There were two significant acquisitions:

1. Four portraits of George Mackay Brown by photographer Gordon Wright were gifted to the library and supplement the paintings displayed at the Warehouse Buildings, Stromness.

2. George by Ian MacInnes. Ian MacInnes painted this portrait of George Brown, his classmate at Stromness Academy from day one onwards, and life-long friend, in a rare afternoon off school in the early 1950s. At the time, the family was living in rented accommodation in “Quildon”, where Ian used an empty, rather draughty upstairs room as a studio. This is why George is wearing the old raincoat and famous Fair Isle scarf, which made him a familiar figure to Stromnessians of the era, as he wended his way north to the pier-head and back home to what was then Well Park. An avid supporter of Orkney County football, George would accompany the team on its sporting encounters in Shetland and Caithness. On one of these escapades, the scarf was mysteriously lost in Shetland, only to reappear flying from the mast of the old Ola on a trip back from Thurso!

“As like him as life”, folk said of this portrait of George, aged about 30. It was used as the original cover of his autobiography, ‘For the Islands I Sing’. It is painted on board, in its original frame (Ian often reused old frames and touched them up himself) and is as he intended it to be.

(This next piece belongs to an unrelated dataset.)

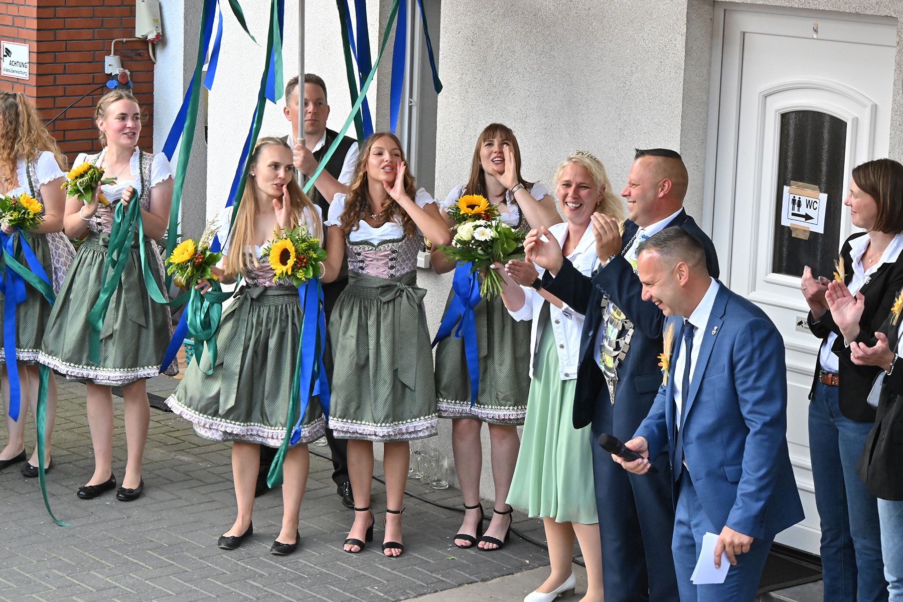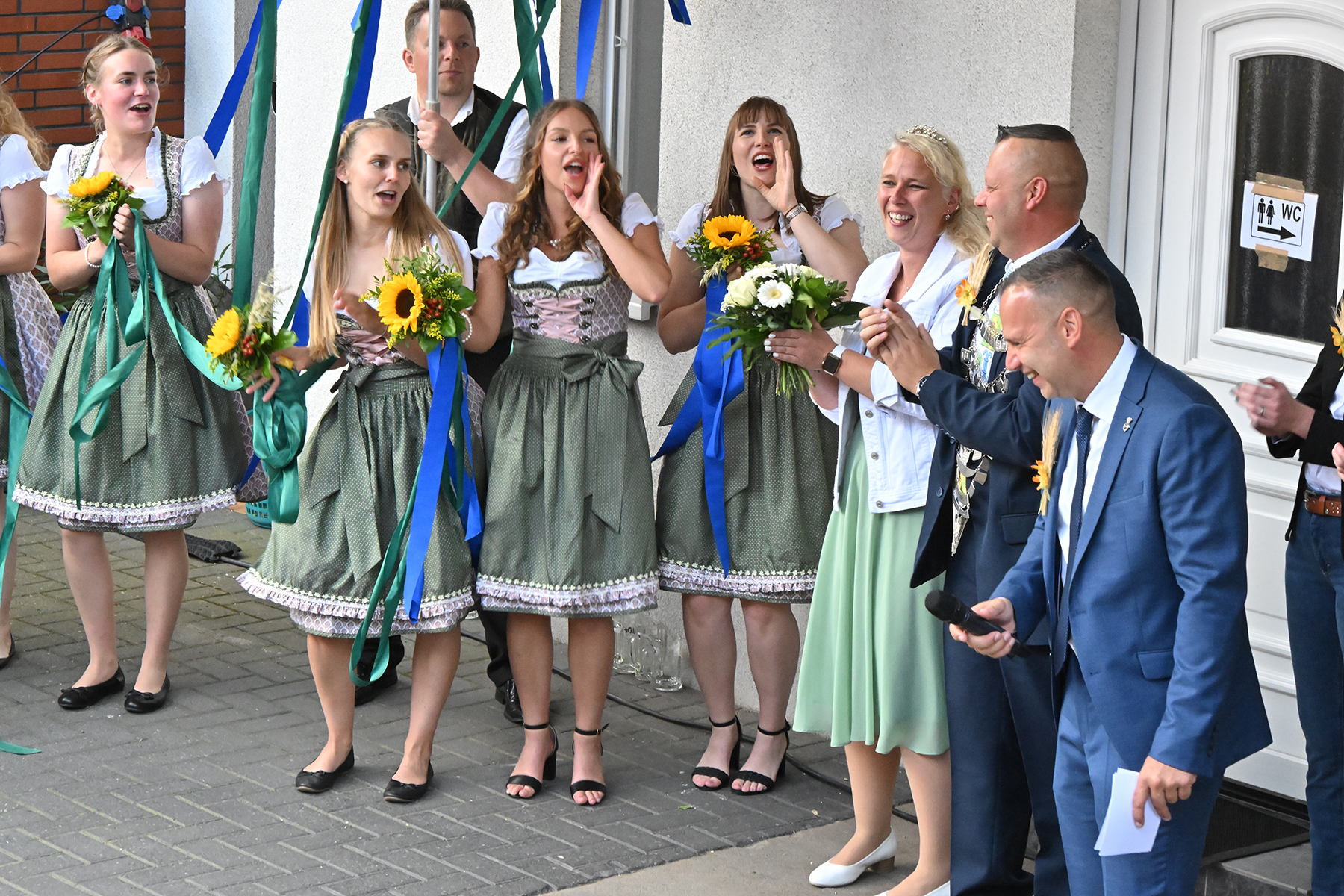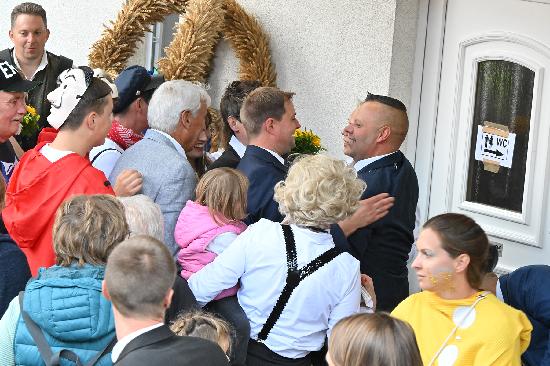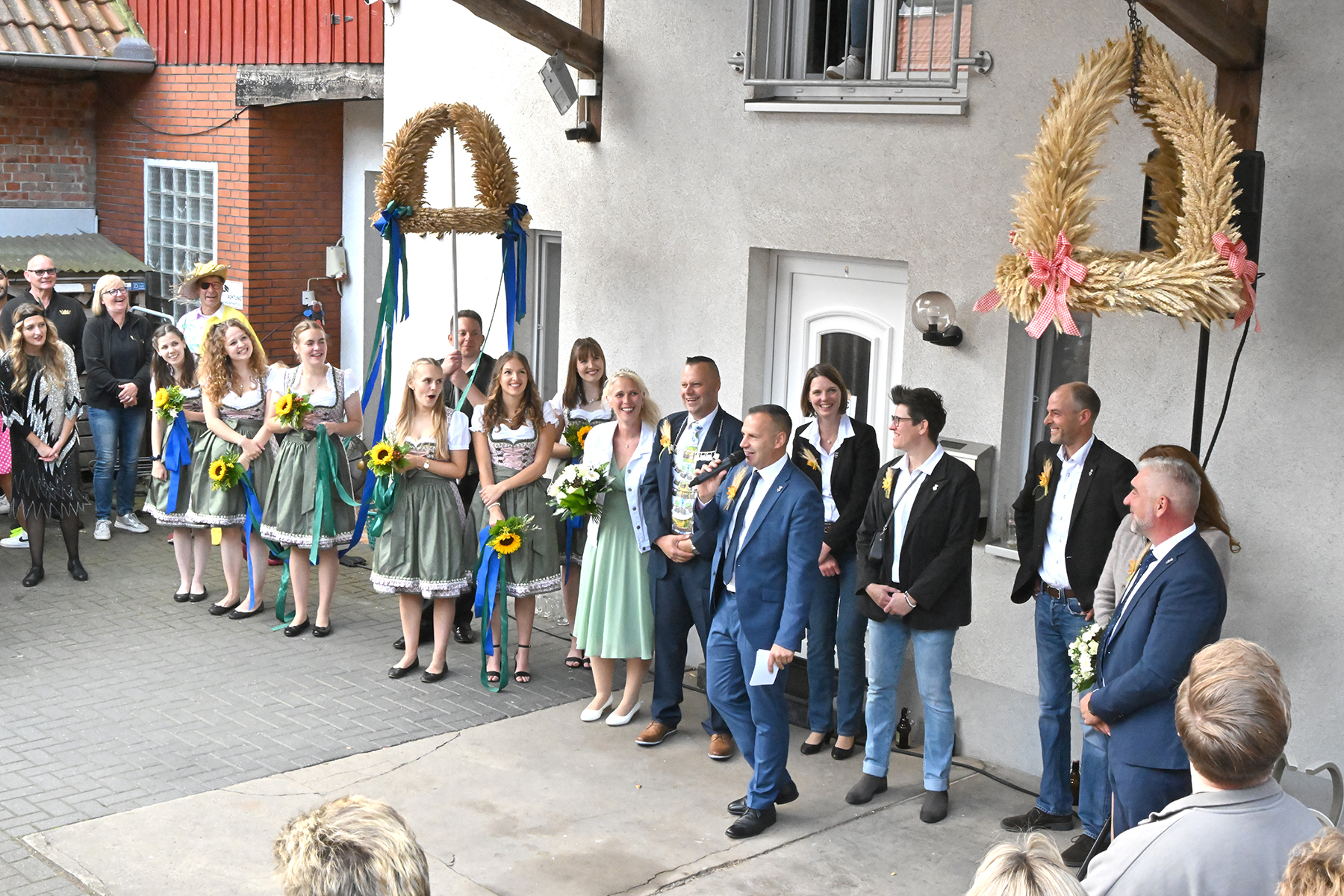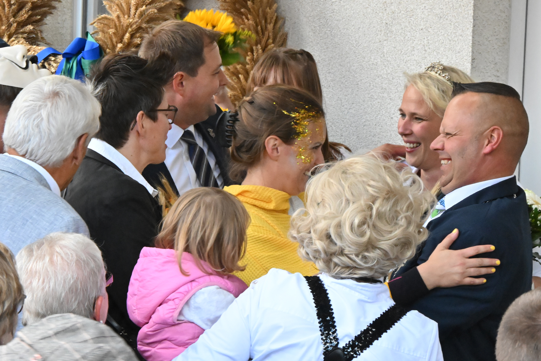"Einmal König, immer König. Deswegen sind wir auch das Dorf der Könige", so Timo Wöhler, der die Kette anschließend seinem Bruder überreichte. Nachdem auch die Erntekrone aufgehängt worden war, bekannt die Königszeit von Thomas II. mit dem Ehrentanz mit seiner Steffi. Nach vielen Gratulationen ging es für den neuen König mit seinen Begleitern aufs Festzelt im Akazienweg, wo am Abend der erste Ernteball des Wochenendes stattfinden wird.

Stromness, its history, people and, not least, the old library meant so much to both George and Ian that the new premises are the right and appropriate place for this painting to hang.

Public Art Events

St Magnus Sails.In addition to Art in Public Places, Orkney Islands Council also provides support for public art commissions and larger-scale public arts events and exhibitions. The intention behind these events is to provide access to public art across Orkney for as many residents as possible and to attract visitors to the Islands.

Recent Events

Details about recent events can be accessed from the 'Related Downloads' section of this page.

Forthcoming Events

2020 is Scotland's 'Year of Coasts and Waters'. CLAN are proposing a sculpture trail of lighthouses in key locations in Orkney and a secondary trail of smaller lighthouses in partnership with local schools.

In 2023 Orkney is hosting the Island Games.